On the corporate news scene, it is looking as if it will be a quiet day for trading updates, with a report from banking and wealth management business Investec plc (LON:INVP) likely to be the highlight.
Investors will be keen to see how the company’s simplification programme is proceeding.
Significant announcements expected today
Royal Bank of Scotland and its other banks are demanding an extra £200 million of funding from Thomas Cook, increasing the risk of the travel company going bust.
Large investment banks have so far relocated out of Britain fewer than 1,000 jobs despite Brexit exodus fears.
A no-deal Brexit would push the UK into recession next year and drag down the rest of the European Union, the Organisation for Economic Co-operation and Development has warned.
Diageo said it expected organic net sales growth for the year “toward the mid-point” of the target range of 4% to 6%, with operating profit growing by about 6%.
IG Group reported revenue of £129.1 million in the three months to the end of August, recovering from a clampdown on betting on financial markets, as volatile stock markets boosted trading.
Microsoft has nominated Emma Walmsley, the chief executive of Glaxosmithkline, to its board of directors.

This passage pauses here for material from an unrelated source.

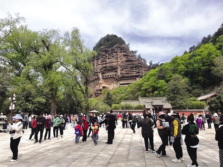 中國甘肅網5月5日訊 據蘭州晚報報道(記者 哈麗娜 攝)天水市“五一”假期旅游熱度持續攀升,旅游市場迎來全年第一波高峰。據統計,4月29日至5月3日,天水市共接待游客679.09萬人次,實現旅游綜合收入40.99億元。與2019年相比,分別增長16.9%和11.8%,創歷史新高。

Royal Mail has been found guilty of price-fixing in the parcels market.
The Daily Telegraph
The European Commission President Jean-Claude Juncker has said the EU can agree a new Brexit deal by 31 October as it emerged Boris Johnson wants a “take it or leave it” offer from Brussels.
Eurozone banks have shunned the cheap new loans offered by the European Central Bank to boost growth.
Rising pay packets failed to spur shopping last month as online retail sales suffered a hangover from a bumper July in their biggest drop of the year.
Saga said it had held “constructive” conversations with activist investor Elliott as it battles a tough travel market.
Next registered disappointing sales of its new autumn clothing ranges due to the recent warm weather.
Debenhams is to press ahead with a rescue plan involving the closure of more than 20 stores after fighting off a Sports Direct-backed legal challenge.
Airbus has forecast that the number of commercial aircraft in operation will more than double in the next 20 years.